Dari sudut pandang konseptual, situasi dengan gangguan multifaktorial lebih kompleks. Namun, jangkauan dan kompleksitasnya sangat berbeda; tujuan nutrigenetika bertujuan untuk mendeteksi kecenderungan untuk semua penyakit dengan komponen genetik, dan untuk menyediakan alat untuk pencegahannya beberapa dekade sebelum penyakit itu dapat dimanifestasikan, alih-alih mendeteksi dan mencegah gangguan monogenik dengan prevalensi yang sangat langka. Apakah ini layak masih harus dilihat. Untuk saat ini, pengetahuan ini dikembangkan dari beberapa studi intervensi kecil yang menyediakan kumpulan temuan observasional yang umumnya menunjukkan sedikit konsistensi. Nutrigenetika perlu bergerak maju dengan nutrigenomik untuk menerjemahkan temuan pengamatan ke dalam mekanisme molekuler. Untuk mencapai tujuan ambisius ini, perlu untuk bergerak ke arah strategi yang akan menghasilkan temuan yang lebih kuat.

Singkatnya, genomik nutrisi akan menjadi kekuatan pendorong penelitian nutrisi masa depan, dan memiliki potensi untuk mengubah pencegahan dan terapi penyakit diet dan memiliki dampak besar pada kesehatan masyarakat. Namun, kompleksitas tujuan yang ditetapkan untuk genomik nutrisi sangat besar, dan pencapaiannya akan membutuhkan pemecahan banyak cetakan penelitian tradisional dan mencari integrasi berbagai disiplin ilmu dan laboratorium yang bekerja secara terkoordinasi. Terlepas dari kesulitan yang dijelaskan, bukti awal dengan kuat menunjukkan bahwa konsep tersebut akan berhasil dan bahwa dengan menggunakan alat perilaku yang didasarkan pada nutrisi, kita akan dapat memanfaatkan informasi yang terkandung dalam genom kita untuk mencapai penuaan yang sukses.

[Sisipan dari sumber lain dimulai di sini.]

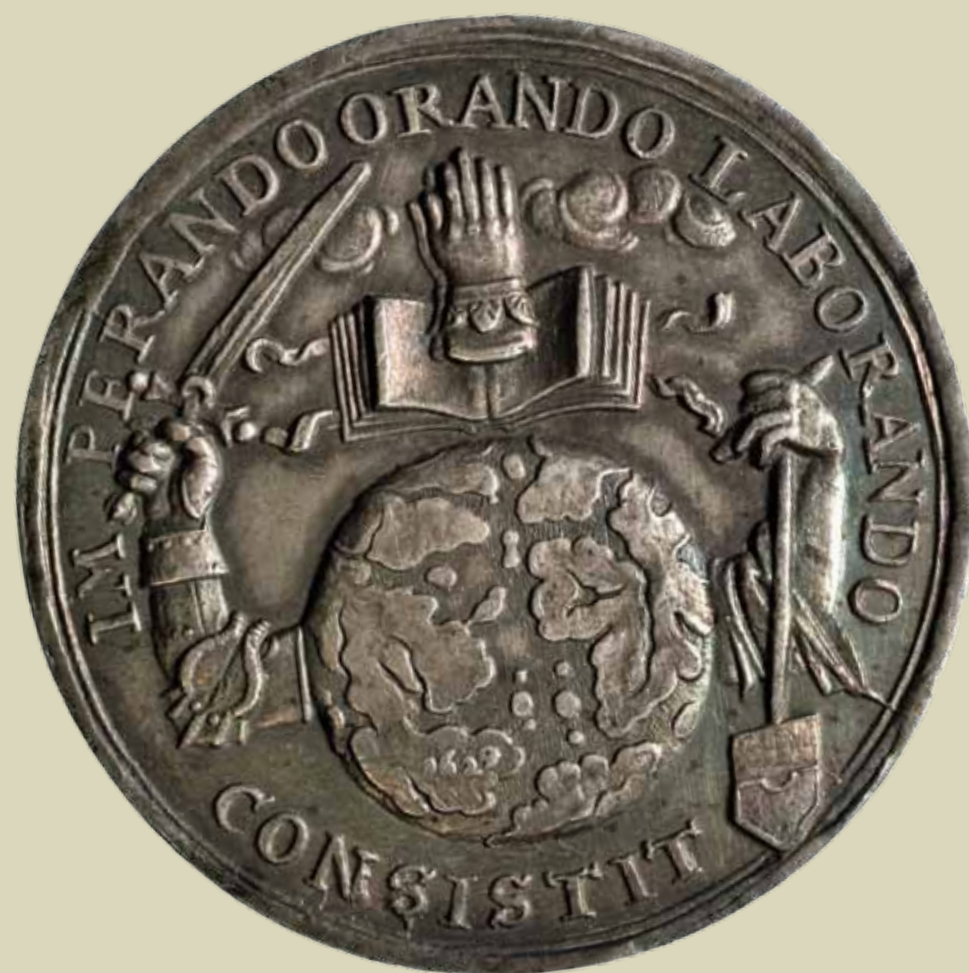
Želja za mirom; medalja; av.; Kat. 46.

Dampak diet terhadap kesehatan kita

Bukti bahwa diet adalah faktor lingkungan utama yang mempengaruhi kejadian banyak penyakit kronis sangat banyak. Besaran pasti dari kontribusi ini sulit untuk dinilai, tetapi pengurangan 35% pada insiden standar usia kanker di Amerika Serikat telah telah diusulkan untuk dapat dicapai melalui “cara diet yang praktis.” Jelas, ada potensi manfaat sosial ekonomi yang sangat besar melalui karakterisasi yang berhasil dan eksploitasi faktor promosi kesehatan dalam makanan. Spektrum populasi yang dapat memperoleh manfaat dari penelitian semacam itu akan bergantung pada bagaimana informasi tersebut digunakan oleh para ilmuwan, industri makanan, dan pembuat kebijakan.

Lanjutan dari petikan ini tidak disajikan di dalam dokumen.